The hall has seven bedrooms, a coach house, a dining room, sitting and drawing rooms, a stable, living room and cellar. The sweet chestnuts (Castanea sativa) which line the driveway are at least 500 years old and the remains of a Roman road have been found underneath the drive itself.

The Roman temple site in the outer grounds has the in situ and restored foundation remains of the largest rural Roman temple known in Britain. In 2023 a large grant was awarded to the University of York by The Leverhulme Trust to study the unique corpus of around 200 stone carved heads recovered through archaeological excavations since 2016, referred to in PAST, the Newsletter of The Prehistoric Society as "a corpus unique in the British Isles and unparalleled in Europe".

In 2007 the building suffered damage after lightning struck nearby and in 2008 the owners of the hall were ordered to rebuild a section of wall they had knocked down. The wall was deemed to be a Grade II listed building alongside the main hall.

==Dean Hall Coach House & Cellar SSSI==

Dean Hall Coach House & Cellar is a 0.02 ha biological Site of Special Scientific Interest in Gloucestershire, notified in 1988. The site is listed in the 'Forest of Dean Local Plan Review' as a Key Wildlife Site (KWS).

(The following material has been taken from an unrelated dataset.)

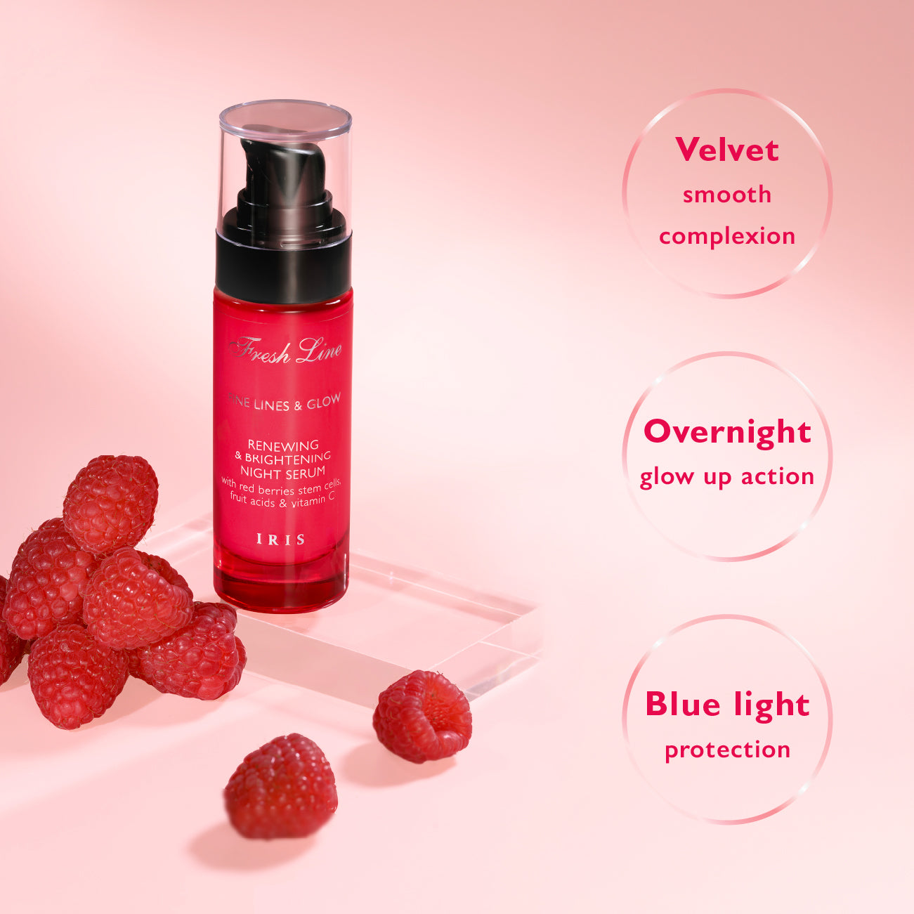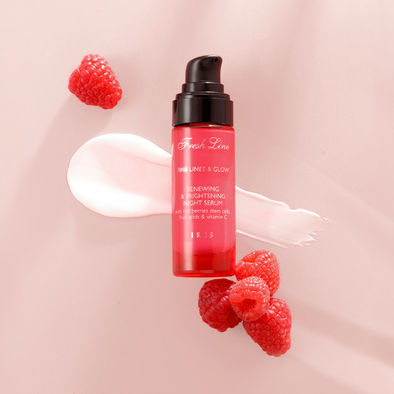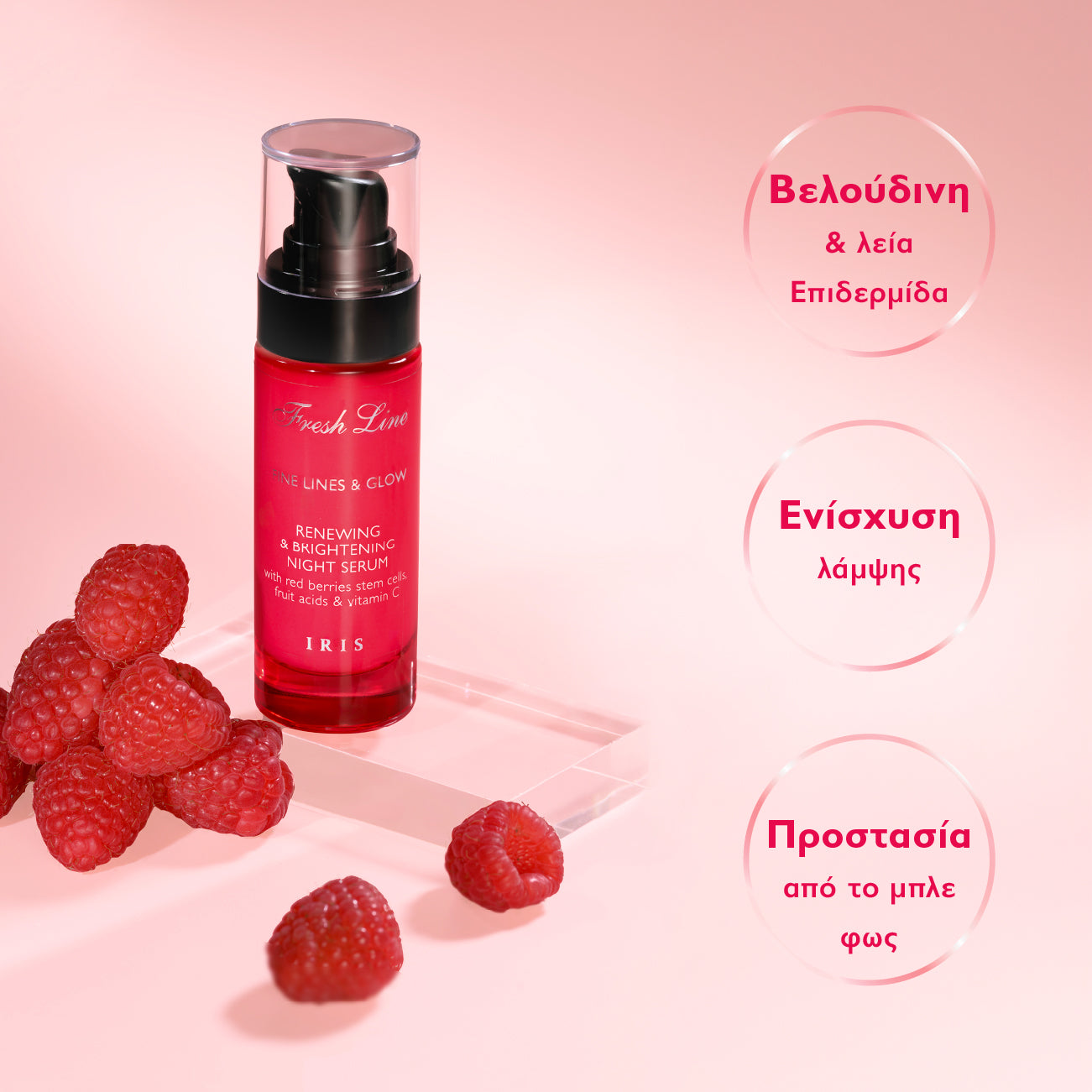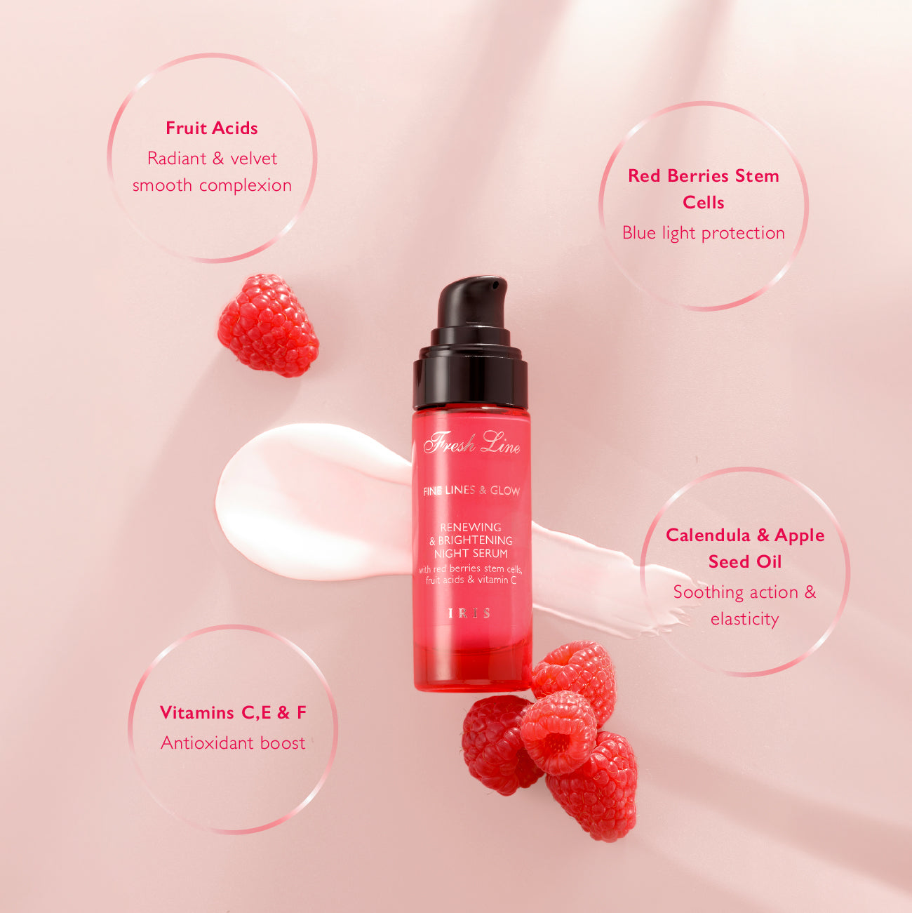 Αναζωογόνησε την επιδερμίδα σου κατά τη διάρκεια της νύχτας με τον ορό Ίρις! Ένα πλούσιο κοκτέιλ με βλαστοκύτταρα κόκκινου μύρτιλου, οξέα φρούτων και βιταμίνη C που ενεργοποιεί την κυτταρική ανανέωση και αποκαλύπτει μια πιο λαμπερή, λεία και απαλή επιδερμίδα το πρωί.

The hall (coach house and cellar) is currently home to Greater horseshoe bats which makes it a Site of Special Scientific Interest which is closely monitored by Natural England. It is a significant breeding roost and its use has been recorded since 1986. Local reports indicated that bats may have used the building for over 75 years.

===Location and habitat===
The site is one of a series of Sites of Special Scientific Interest within the Forest of Dean and Wye Valley (Gloucestershire and Monmouthshire). These sites support (between them) breeding and hibernation roosts for Lesser and Greater horseshoe bats. This is of European importance. Other sites in the group in Gloucestershire (all of which are SSSIs) include the breeding sites of Blaisdon Hall, Caerwood And Ashberry Goose House, and Sylvan House Barn. Hibernation sites include Buckshraft Mine & Bradley Hill Railway Tunnel, Devil's Chapel Scowles, Old Bow And Old Ham Mines and Westbury Brook Ironstone Mine.

The deciduous woodlands and sheltered valleys of the Forest of Dean and the Wye Valley provide a good feeding area, and the underground systems provide roosting and breeding sites. A ring of iron-ore bearing Carboniferous Limestone in the Forest of Dean has created a series of ancient and more recent mines which provide hibernation sites. The citations for the series of sites provide common information.

Wye Valley and Forest of Dean Bat Sites/ Safleoedd Ystlumod Dyffryn Gwy a Fforest y Ddena are recognised as a Special Area of Conservation (SAC) under the EU Habitats Directive.